# LeNet

在3.DL基础里面我们构造了一个含单隐藏层的MLP对Fashion-MNIST中的图像进行分裂。每张图像的高和宽为28像素。我们将图像中的像素Flatten，得到长度为784的向量，并输入FC层中。然而这种方法是有局限性的:
1. 图像在同一列邻近的像素在向量中会相聚较远，构成的模式很难被模型识别
2. 对于大尺寸的输入图像，使用FC层很容易导致模型较大。假设输入的是高和宽均为1000像素的彩色(RGB)图片。即使全连接层的输出仍为256个，但是该层的权重参数为1000x1000x3x256，大约为3G的内存。这会带来过于复杂的模型和过高的储存开销。

而卷积层解决了这两个问题。一方面，卷积层保留输入数据的形状，使图像的像素在高和宽两个方向上的相关性均能被有效识别；另一方面，军基层通过滑动窗口将统一卷积核与不同位置的输入重复计算，从而避免参数尺寸过大。

## 介绍

LeNet分为卷积层块和全连接层块两个部分。下面我们分别介绍这两个模块。

卷积层块里的基本单位是卷积层后接最大池化层：卷积层用来识别图像里的空间模式，如线条和物体局部，之后的最大池化层则用来降低卷积层对位置的敏感性。卷积层块由两个这样的基本单位重复堆叠构成。在卷积层块中，每个卷积层都使用$5\times 5$的窗口，并在输出上使用sigmoid激活函数。第一个卷积层输出通道数为6，第二个卷积层输出通道数则增加到16。这是因为第二个卷积层比第一个卷积层的输入的高和宽要小，所以增加输出通道使两个卷积层的参数尺寸类似。

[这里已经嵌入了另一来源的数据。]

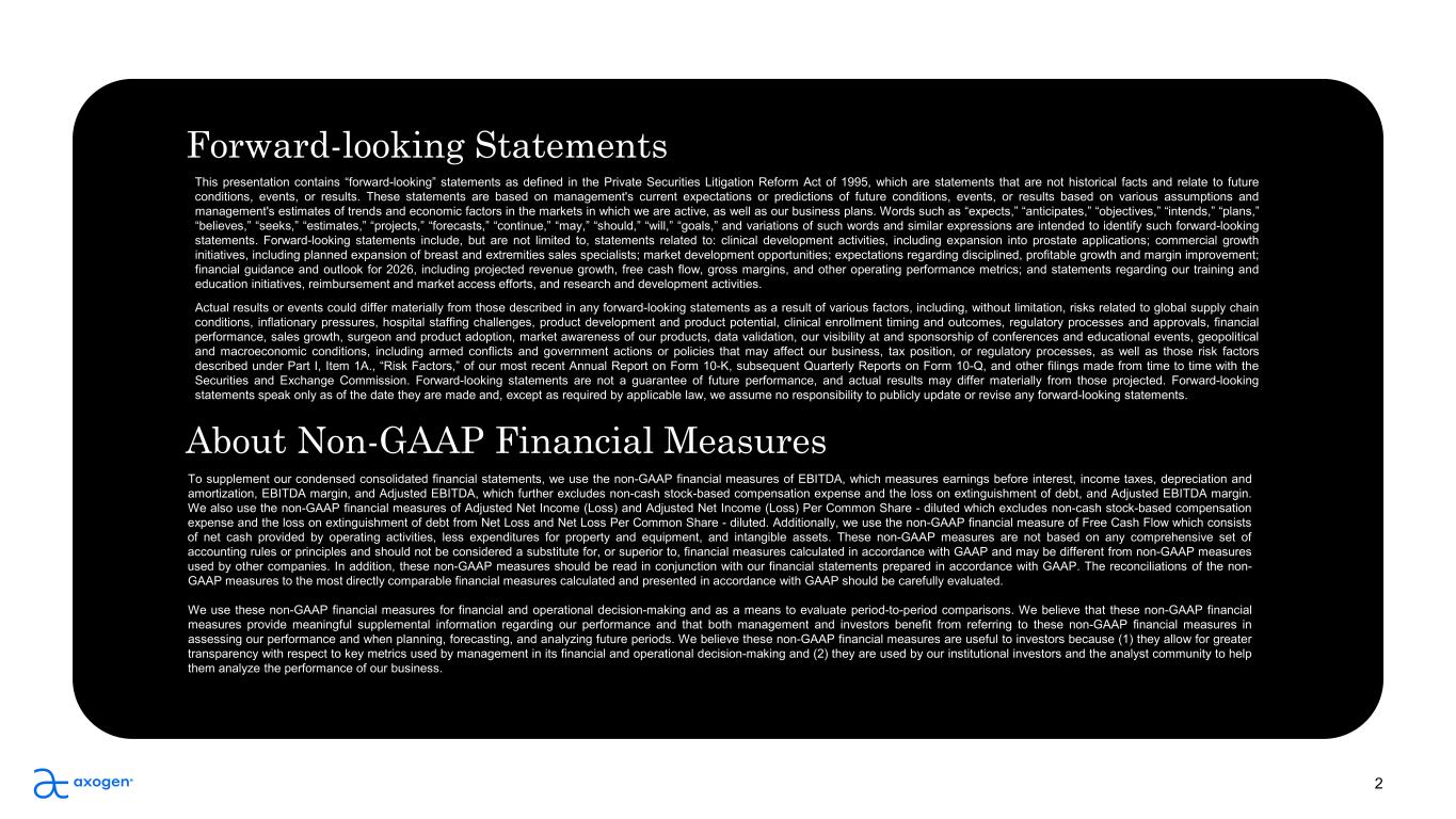 Forward-looking Statements This presentation contains “forward-looking” statements as defined in the Private Securities Litigation Reform Act of 1995, which are statements that are not historical facts and relate to future conditions, events, or results. These statements are based on management's current expectations or predictions of future conditions, events, or results based on various assumptions and management's estimates of trends and economic factors in the markets in which we are active, as well as our business plans. Words such as “expects,” “anticipates,” “objectives,” “intends,” “plans,” “believes,” “seeks,” “estimates,” “projects,” “forecasts,” “continue,” “may,” “should,” “will,” “goals,” and variations of such words and similar expressions are intended to identify such forward-looking statements. Forward-looking statements include, but are not limited to, statements related to: clinical development activities, including expansion into prostate applications; commercial growth initiatives, including planned expansion of breast and extremities sales specialists; market development opportunities; expectations regarding disciplined, profitable growth and margin improvement; financial guidance and outlook for 2026, including projected revenue growth, free cash flow, gross margins, and other operating performance metrics; and statements regarding our training and education initiatives, reimbursement and market access efforts, and research and development activities. Actual results or events could differ materially from those described in any forward-looking statements as a result of various factors, including, without limitation, risks related to global supply chain conditions, inflationary pressures, hospital staffing challenges, product development and product potential, clinical enrollment timing and outcomes, regulatory processes and approvals, financial performance, sales growth, surgeon and product adoption, market awareness of our products, data validation, our visibility at and sponsorship of conferences and educational events, geopolitical and macroeconomic conditions, including armed conflicts and government actions or policies that may affect our business, tax position, or regulatory processes, as well as those risk factors described under Part I, Item 1A., “Risk Factors,” of our most recent Annual Report on Form 10-K, subsequent Quarterly Reports on Form 10-Q, and other filings made from time to time with the Securities and Exchange Commission. Forward-looking statements are not a guarantee of future performance, and actual results may differ materially from those projected. Forward-looking statements speak only as of the date they are made and, except as required by applicable law, we assume no responsibility to publicly update or revise any forward-looking statements. 2 About Non-GAAP Financial Measures To supplement our condensed consolidated financial statements, we use the non-GAAP financial measures of EBITDA, which measures earnings before interest, income taxes, depreciation and amortization, EBITDA margin, and Adjusted EBITDA, which further excludes non-cash stock-based compensation expense and the loss on extinguishment of debt, and Adjusted EBITDA margin. We also use the non-GAAP financial measures of Adjusted Net Income (Loss) and Adjusted Net Income (Loss) Per Common Share - diluted which excludes non-cash stock-based compensation expense and the loss on extinguishment of debt from Net Loss and Net Loss Per Common Share - diluted. Additionally, we use the non-GAAP financial measure of Free Cash Flow which consists of net cash provided by operating activities, less expenditures for property and equipment, and intangible assets. These non-GAAP measures are not based on any comprehensive set of accounting rules or principles and should not be considered a substitute for, or superior to, financial measures calculated in accordance with GAAP and may be different from non-GAAP measures used by other companies. In addition, these non-GAAP measures should be read in conjunction with our financial statements prepared in accordance with GAAP. The reconciliations of the non- GAAP measures to the most directly comparable financial measures calculated and presented in accordance with GAAP should be carefully evaluated. We use these non-GAAP financial measures for financial and operational decision-making and as a means to evaluate period-to-period comparisons. We believe that these non-GAAP financial measures provide meaningful supplemental information regarding our performance and that both management and investors benefit from referring to these non-GAAP financial measures in assessing our performance and when planning, forecasting, and analyzing future periods. We believe these non-GAAP financial measures are useful to investors because (1) they allow for greater transparency with respect to key metrics used by management in its financial and operational decision-making and (2) they are used by our institutional investors and the analyst community to help them analyze the performance of our business.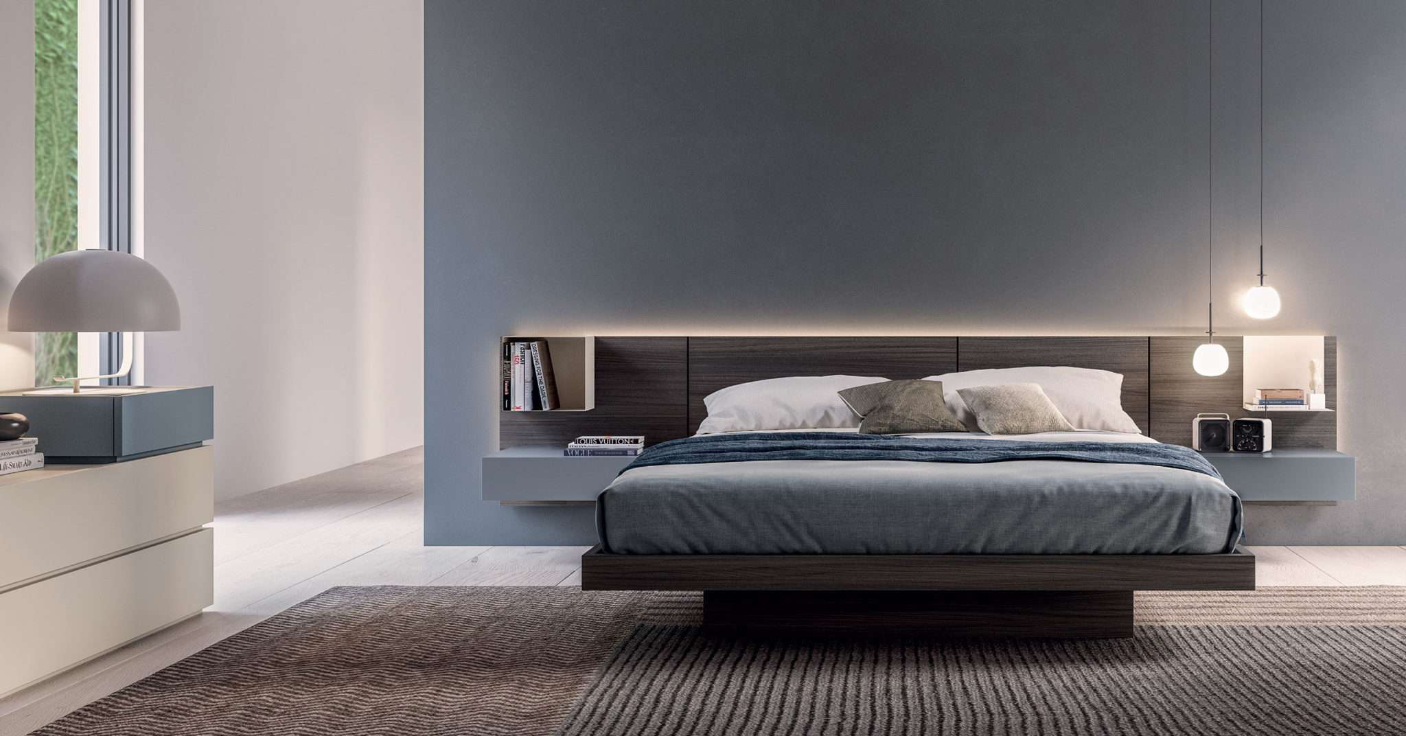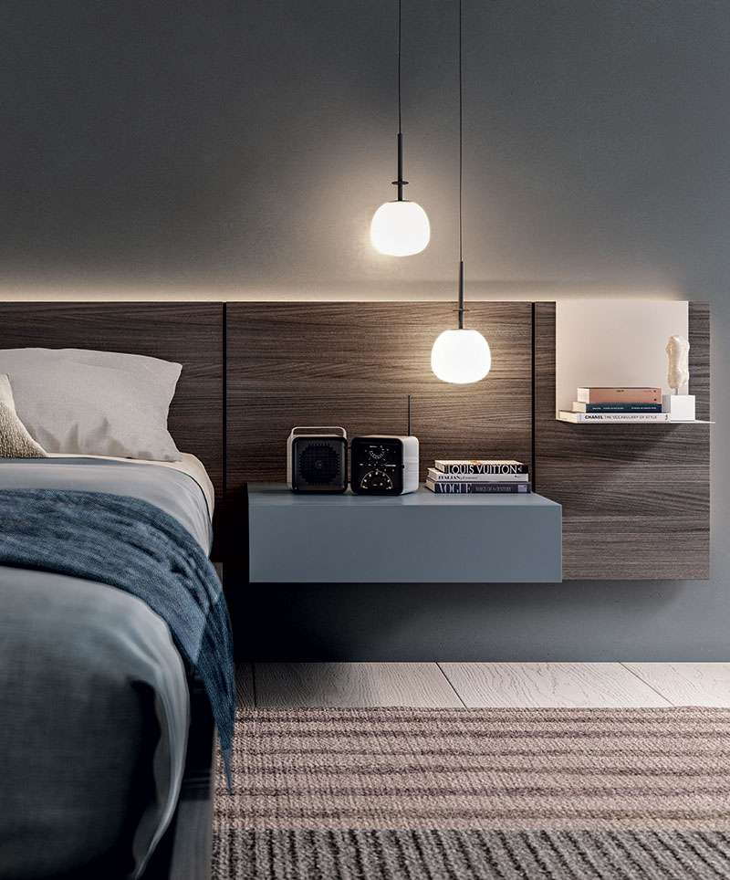 Testata, giroletto e box contenitore Materico Olmo Scuro. Cassetti laccato opaco Alta Marea. Contenitori movibili in lamiera verniciato Bianco. Illuminazione led. Gallia / Comò

卷积层块的两个最大池化层的窗口形状均为$2\times 2$，且步幅为2。由于池化窗口与步幅形状相同，池化窗口在输入上每次滑动所覆盖的区域互不重叠。

卷积层块的输出形状为(批量大小, 高, 宽, 通道)。当卷积层块的输出传入全连接层块时，全连接层块会将小批量中每个样本变平（flatten）。也就是说，全连接层的输入形状将变成二维，其中第一维是小批量中的样本，第二维是每个样本变平后的向量表示，且向量长度为通道、高和宽的乘积。全连接层块含3个全连接层。它们的输出个数分别是120、84和10，其中10为输出的类别个数。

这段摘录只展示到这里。